Introduction, the institutional correction facilities and technology, depiction of correction professionals in media, mental state and health of correction officers.

Institutional corrections and their efficiency is the topic that extremely interests me. Nowadays, the institutional corrections are enhanced by various technologies that improve the metal detection capability, management of the Internet access among the inmates, and various devices that help officers ensure that no illegal action will take place (e.g. X-Rays to identify any contraband, cameras that capture movement in the zones where no movement is allowed, etc.). At the same time, such use of sensitive technology leads to the technology dependence in jails and prisons, which can significantly complicate the work of officers.

If the institutional correction facilities are so dependent on technology, is there any way to prevent any crimes or illegal actions that might be committed when there is a malfunction in the technological devices used in jails? I believe that the technology in institutional correction facilities is necessary but, at the same time, the reliance of officers on it can lead to various consequences, including escapes or wrong judgment.

At the same time, the potential of technologies in such facilities is incredible because it allows predicting trouble spots in jails and monitoring any suicide attempts that the inmates might consider or plan. The prediction of trouble spots can help officers evaluate the overall safety of the facility and address the specifics of such places, which will help them understand what exactly is the cause of the rising violence. At the same time, the suicide-watch warning system is cost-effective because it does not require additional training (as officers do) and does not interfere with officers’ duties. I believe that the value of life is often diminished in institutional correction facilities, but such a system has the potential to prevent tragic outcomes of imprisonment that still happen sometimes.

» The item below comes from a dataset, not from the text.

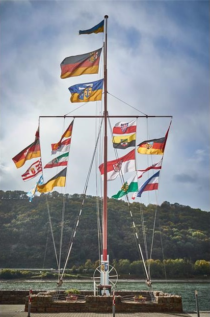 Der Schiffermast, das Wahrzeichen Kamp-Bornhofens, an der Rheinuferstraße mit den Flaggen der Bundesrepublik Deutschland, der 16 Bundesländer und der Ortsgemeinde (Bild: Peter Wendling)

Another issue I would like to address is the depiction of correction professionals in media. One of my relatives (a former correction officer) pointed out that correction professionals are often depicted as mean or evil (or antagonists even) in TV series and films (see “The Shawshank Redemption”, “The Green Mile”, TV series “Daredevil”, “Luke Cage”, for example). Despite the difficulties and dangers correction officers have to face every day, their work often remains unpraised or overlooked. Sometimes, such work is perceived as simple or unimportant, but the correctly performed duties of correction officers secure the citizens’ safety and ensure that law institutions work accurately and precisely.

I also believe that the mental state and health of correction officers often remains unaddressed or even tabooed because of the specifics of this profession. Nevertheless, the dangers and the difficulties these professionals have to endure need to be addressed more often, both in media and by citizens. The recognition of correction professionals would show them that their work is valued and appreciated and that they are not perceived in the way series and films like to present them.

The image of correction officers as brutal, dumb, revengeful, and corrupt individuals harms not only the society that loses trust in those people but also the officers themselves who feel underappreciated or even hated for their duties. Such portrayals lead viewers to assumptions that correction officers love to abuse their power and engage in destructive behavior as often as possible. The correction officers remain to be the outsiders among the workers who ensure citizens’ safety and well-being. The officers need to be reminded that the society cannot function properly without their engagement.